● Exercise goal
Below is a listing. Return the lines from the one that contains "An automatic umbrella, the" to the one that contains "3、在丝瓜炒鸡蛋菜谱详情页,点击评论查看其他用户的评论。", both ends included, verbatim and with no pictures.
- Opening Delimiter -
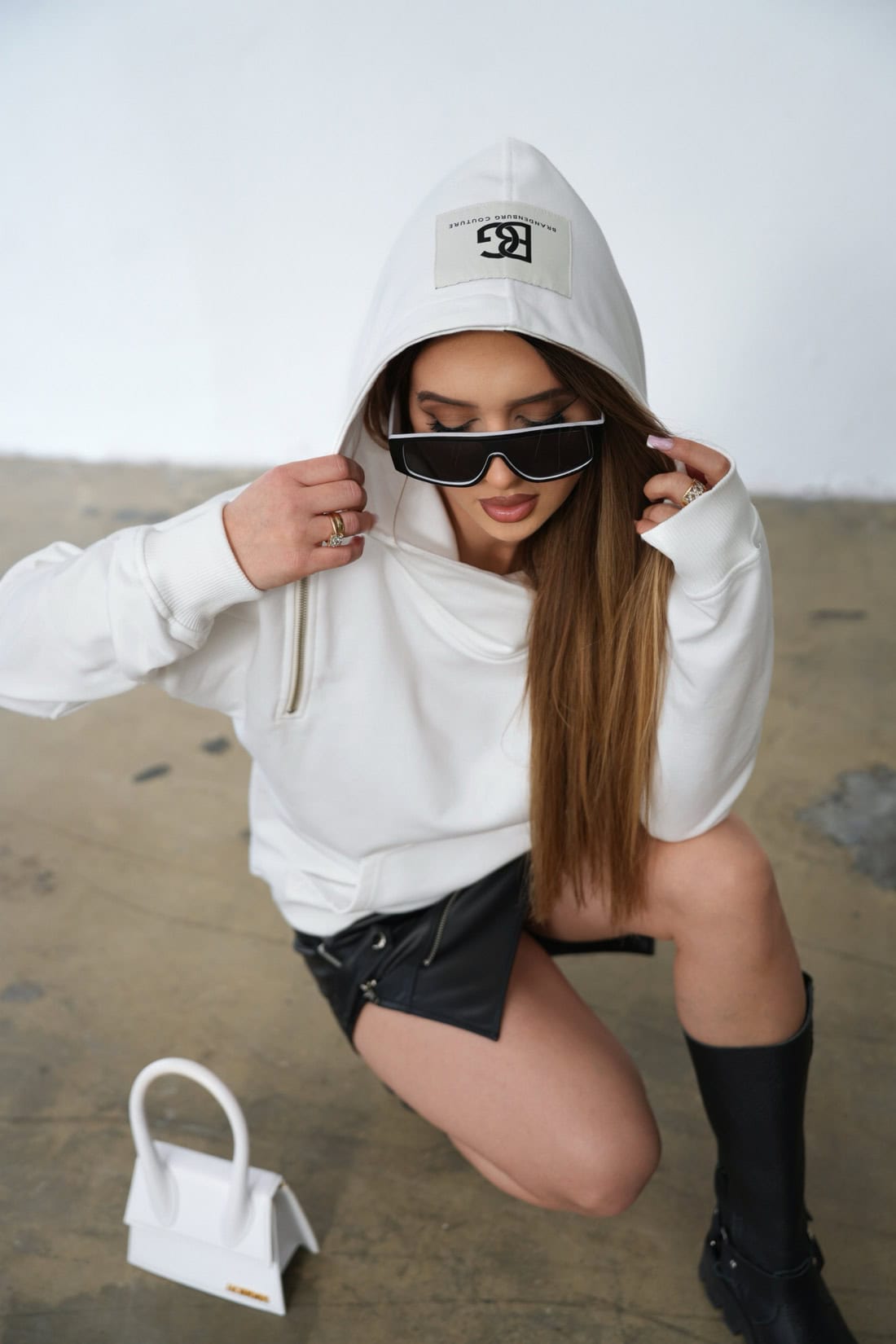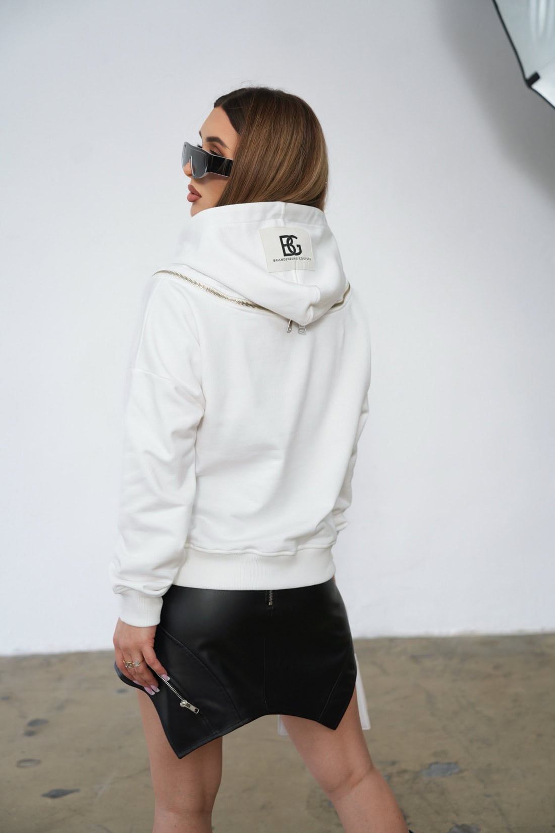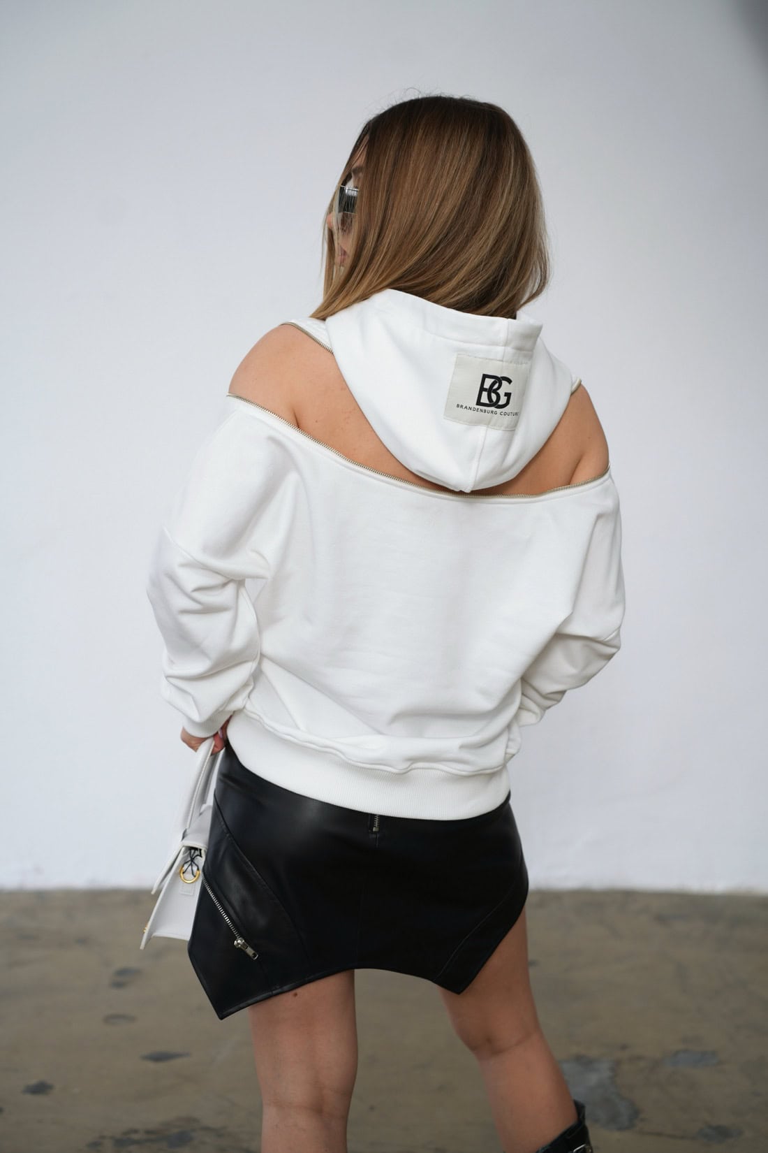 Opis produktu: Bluza damska BG BECKY z wysokiej jakości bawełny nieocieplanej. Bluza z kapturem z naszywką z logo marki BG Brandenburg Couture. Na plecach ozdobny suwak dwumaszynkowy z możliwością rozpięcia. Bluza wykończona ściągaczami.
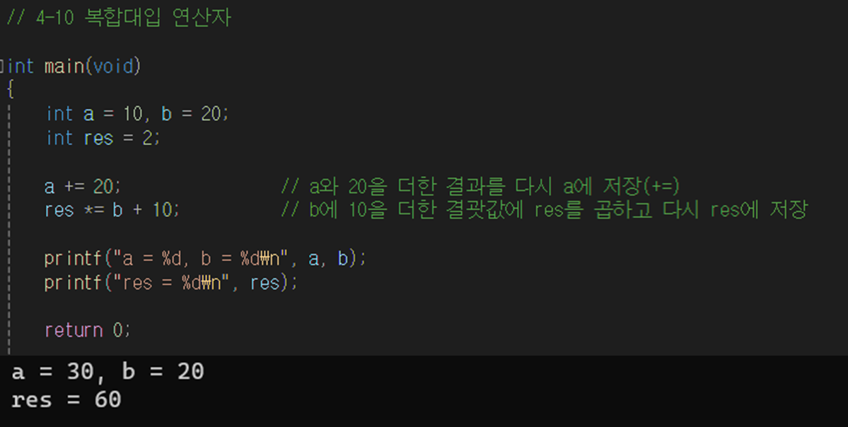 복합대입 연산자는 연산 결과를 다시 피연산자에 저장한다.
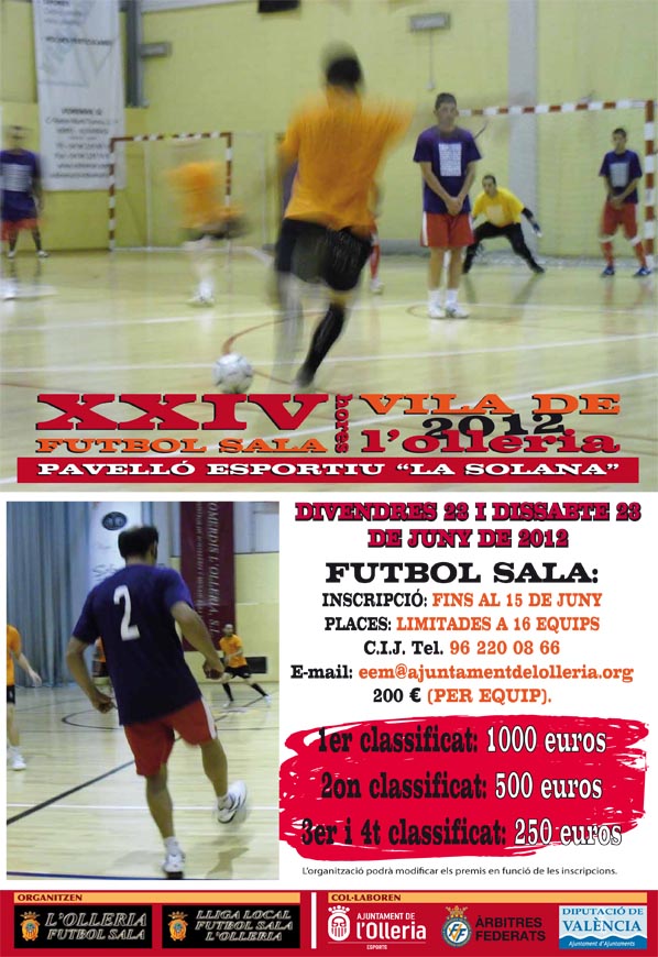 : Inicio » Deportes, Portada » Se abre el plazo de inscripción para las 24 horas Fútbol Sala Villa de L’Olleria 2012
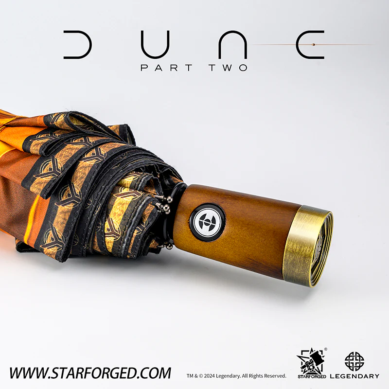 An automatic umbrella, the surface of the umbrella cloth is printed with the dune theme, and the inside of the umbrella cloth is the giant mouth of a sandworm, implying the danger hidden on the surface of the dune. The umbrella handle is made of imitation wood structure, and the base is made of alloy, engraved with the symbol of Atreides.
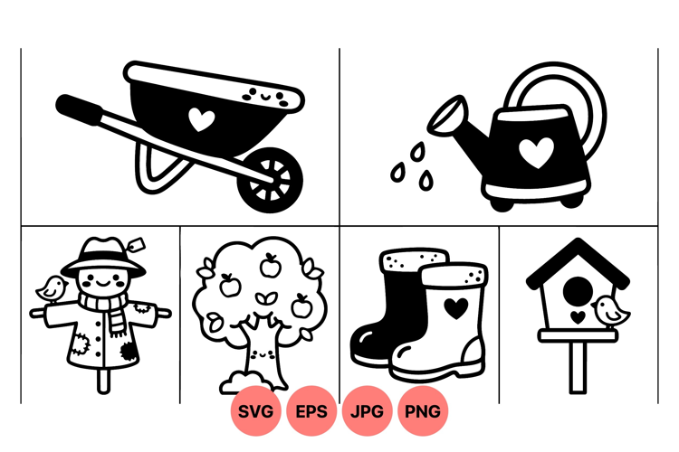 of simple black and white garden themed vector icons featuring wheelbarrow, watering can, scarecrow, apple tree, rubber boots, and birdhouse with heart details in flat style.
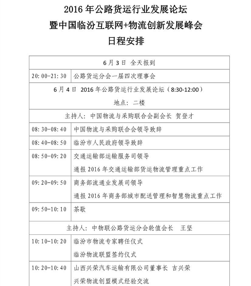 歡迎各位到山西省臨汾市參加2016年公路貨運行業發展論壇。為做好接待服務工作,現將有關事項通知如下:
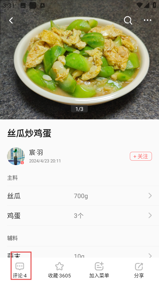 3、在丝瓜炒鸡蛋菜谱详情页,点击评论查看其他用户的评论。
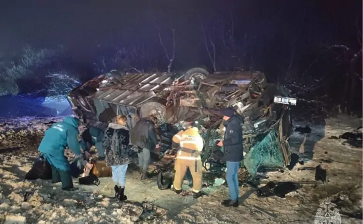 В Миллеровском районе на трассе М4 «Дон» около 23:00 11 февраля произошло смертельное ДТП с легковушкой и рейсовым автобусом, сообщили в пресс-службе МЧС России. От удара автобус вылетел в кювет и перевернулся.
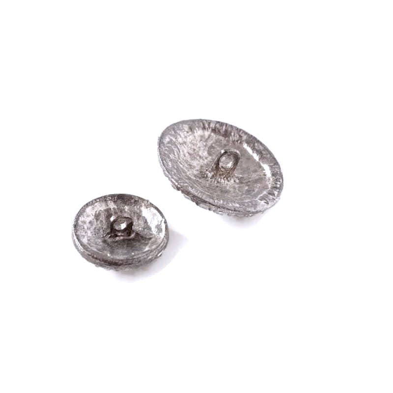 Guzik metalowy w kolorze srebrnym z oczkami,
- Closing Delimiter -
● Your solution
 An automatic umbrella, the surface of the umbrella cloth is printed with the dune theme, and the inside of the umbrella cloth is the giant mouth of a sandworm, implying the danger hidden on the surface of the dune. The umbrella handle is made of imitation wood structure, and the base is made of alloy, engraved with the symbol of Atreides.
 of simple black and white garden themed vector icons featuring wheelbarrow, watering can, scarecrow, apple tree, rubber boots, and birdhouse with heart details in flat style.
 歡迎各位到山西省臨汾市參加2016年公路貨運行業發展論壇。為做好接待服務工作,現將有關事項通知如下:
 3、在丝瓜炒鸡蛋菜谱详情页,点击评论查看其他用户的评论。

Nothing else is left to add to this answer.